The use of medications concerns to patients and healthcare professionals, and there may be errors with significant clinical repercussions.1 There are factors that contributes to these errors: pluripathology, polymedication, healthcare system fragmentation (with multiple prescribing physicians and absence of a single health record), as well as a lack of knowledge of the treatment by the patient and/or the family or caregivers. Several processes have been proposed to decrease these medication errors, including medication reconciliation (creating a precise list of medication that compiles all the drugs that the patient is taking), treatment review (evaluating the list for suitability, effectiveness, safety and convenience in conjunction with the patient's state of health) and personalised therapeutic management (confirming adherence, knowledge of drugs and list of medication “in the wallet”). Conciliation of the treatment should be done by a multidisciplinary group (physicians, nurses and pharmacists), in all patients, including all medications, covering all healthcare processes (in-hospital and as outpatient). Since this is a costly process, priority has been given to patients with chronic disease, polymedicated and with multiple pathologies, generally in healthcare transition and for groups of drugs more commonly involved in adverse reactions (with preference given to drugs that should be reconciled within 4h of admission, drugs that should be reconciled within 24h of admission, drugs with a narrow therapeutic index, drugs with multiple interactions and drugs wit high-risk).2,3 Given that patients in dialysis are at a high risk, we conducted a study to determine which drugs were prescribed on our unit, as well as medication adherence and knowledge on the part of the patients and/or caregivers as a starting point for reconciliation.4–7

We conducted a prospective, observational study on a cohort of patients in peritoneal dialysis from February to May 2015. The following variables were collected: age, sex, time in dialysis, comorbid conditions (diabetes mellitus, cardiovascular disease and hypertension), number of drugs, number of pills per day, type of medication (drugs that required reconciliation within 4h of hospital admission, drugs that required reconciliation within 24h of hospital admission, drugs with a narrow therapeutic index, drugs with multiple interactions and high-risk drugs) and number of prescribing physicians. Adherence was calculated using the Morisky-Green questionnaire,8 and knowledge was calculated using the knowledge and abilities assessment scale (adaptation of 2 scales, DRUGS and MedTake).9 Statistical analysis was performed with the SPSS® version 15.0 software programme.

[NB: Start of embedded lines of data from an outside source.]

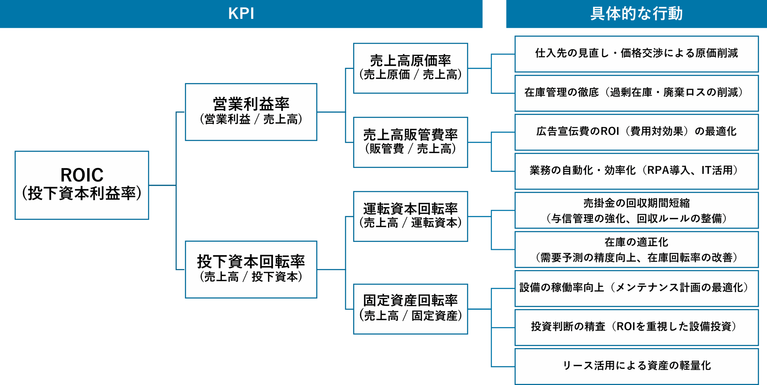 こうした課題を解決するため、以下のような「ROICツリー」を作成し、社内で活用している企業もあります。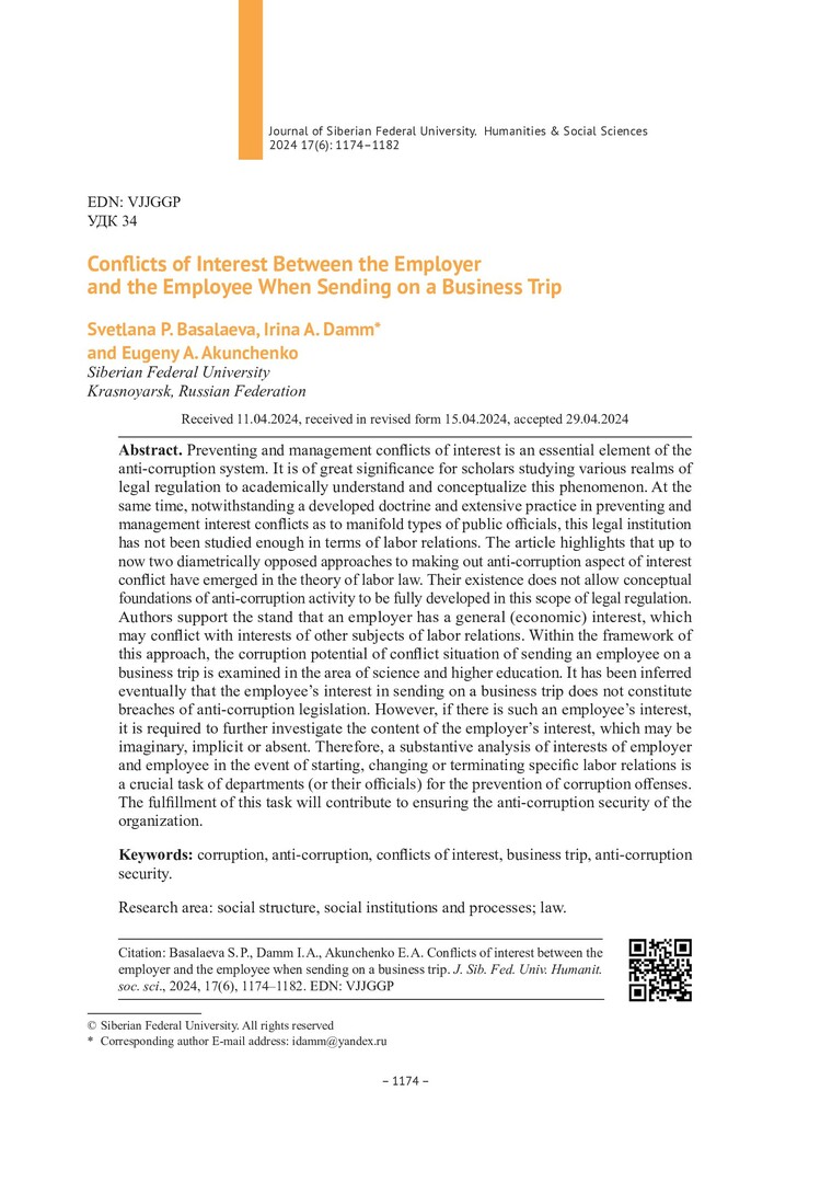 Библиографическое описание:Басалаева, С. П. Конфликт интересов работодателя и работника при направлении в служебную командировку = Conflicts of Interest Between the Employer and the Employee When Sending on a Business Trip / С. П. Басалаева, И. А. Дамм, Е. А. Акунченко. - Текст : непосредственный // Журнал Сибирского федерального университета. Гуманитарные науки. - 2024. - Т. 17, № 6. - С. 1174-1182. - Библиогр.: с. 181-1182. - ISSN 1997-1370.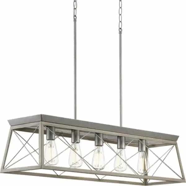 Create a cozy home with the 5-Light Bleached Oak Farmhouse Linear Island Chandelier. Light sources exude a comforting country glow as they peek through the classic X-brace design reminiscent of country barn doors and rustic farmhouse gates. A faux-wood frame coated a rustic bleached oak finish accented by a galvanized plate on top of the structure fuses the chandelier with charming country character. for ideal illumination, use 5 medium base bulbs that are sold separately (100-Watt maximum – LED/CFL/incandescent). The light fixture is compatible with dimmable bulbs. corporate clear light bulbs for a pinch of contemporary shine or opt for vintage bulbs to enhance the light fixture’s rustic demeanor. The linear island chandelier’s rustic design is ideal for any kitchen island or dining room table coastal or farmhouse style settings. It’s time to breathe new life to the mundane every day with timeless and truly transformative bathroom lighting. Make your purchase today to begin your journey to a whole new lighting experience. products are designed for exceptional quality, reliability and functionality.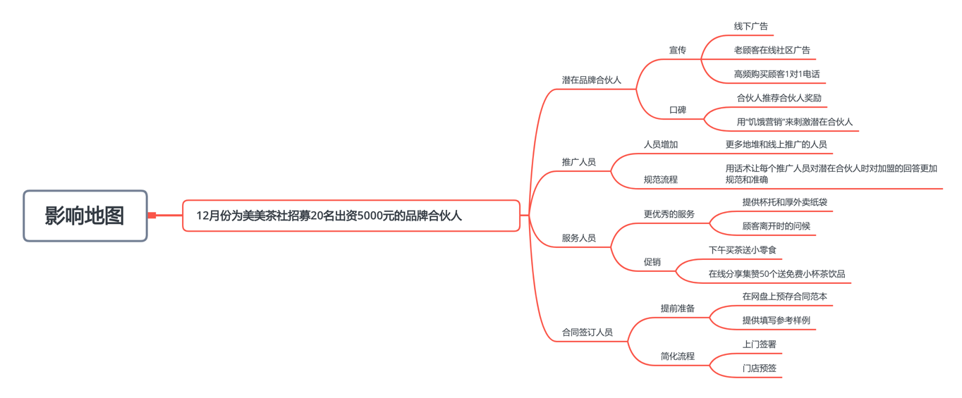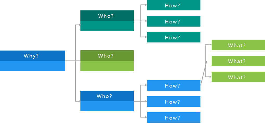 影响地图是一种战略规划方法,在产品开发期间作为组织的可视化路线图。如图7-15、图7-16所示,影响地图回答了以下几个问题: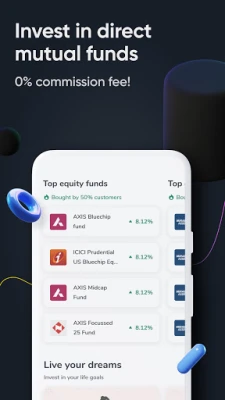 Invest in free direct mutual funds: With BLACK, you can invest in all kinds of mutual funds, such as large-cap funds, small-cap funds, ELSS funds, liquid funds, debt mutual funds, high-performance funds and balanced funds. You can even choose to invest either in lump-sum funds or via a systematic investment plan.

The 17 patients enrolled, including 4 women (23.8%), had a mean age of 65.29 years (47–86), a mean time in dialysis of 38.7 months (3–93) and the following comorbidity: diabetes mellitus, 23.5%; cardiovascular disease, 23.5%; and hypertension, 100%. The number of prescribing physicians in the last 24 months was 8 (6–11). Medication-related data: number of drugs, 12.59 (9–17); number of pills, 13.59 (8–27); drugs that required reconciliation within 4h of admission, 13 (76.5%); drugs that required reconciliation within 24h of admission, 17 (100%), drugs with multiple interactions, 16 (94.2%); drugs with a narrow therapeutic index, 3 (17.6%); high-risk drugs, 17 (100%). Five patients (29.4%) required help with completion of forms. Adherence was 76.6%, and overall lack knowledge about the therapeutic indication was 52.94%. Table 1 shows knowledge according to therapeutic group.

Table 1.

Knowledge according to therapeutic group (knowledge and abilities assessment scale adapted from DRUGS and MedTake).

Drug  Percentage of patients treated  Percentage of knowledge of indication 
Antidiabetic agents  23.5  100 
Cardiological treatment  35.3  100 
Antiplatelet agents  47.1  100 
Analgesics  17.6  100 
Sintrom®  11.76  100 
Omeprazole  58.8  90 
Antihypertensive agents  94.1  81.25 
Furosemide  64.5  72.72 
ESAs  82.4  71.4 
Statins  64.5  63.63 
Vitamin D  94.1  62.5 
Phosphorus chelators  88.2  26.66 

Our patients had a high risk of having problems related to medication: multiple drugs, large number of pills per day and high number of prescribing physicians. The majority of patients received drugs that required reconciliation within 4h of admission with multiple interactions or high-risk medicines. They showed a good level of adherence (76.6%), with a broad knowledge of cardiological medication (antiplatelet agents, antiarrhythmic agents and anticoagulants), antihypertensive agents, gastroprotective agents, antidiabetic agents and analgesics, and poor knowledge of treatments related to complications of kidney disease and dialysis (phophate binding and erythropoiesis-stimulating agents [ESAs]).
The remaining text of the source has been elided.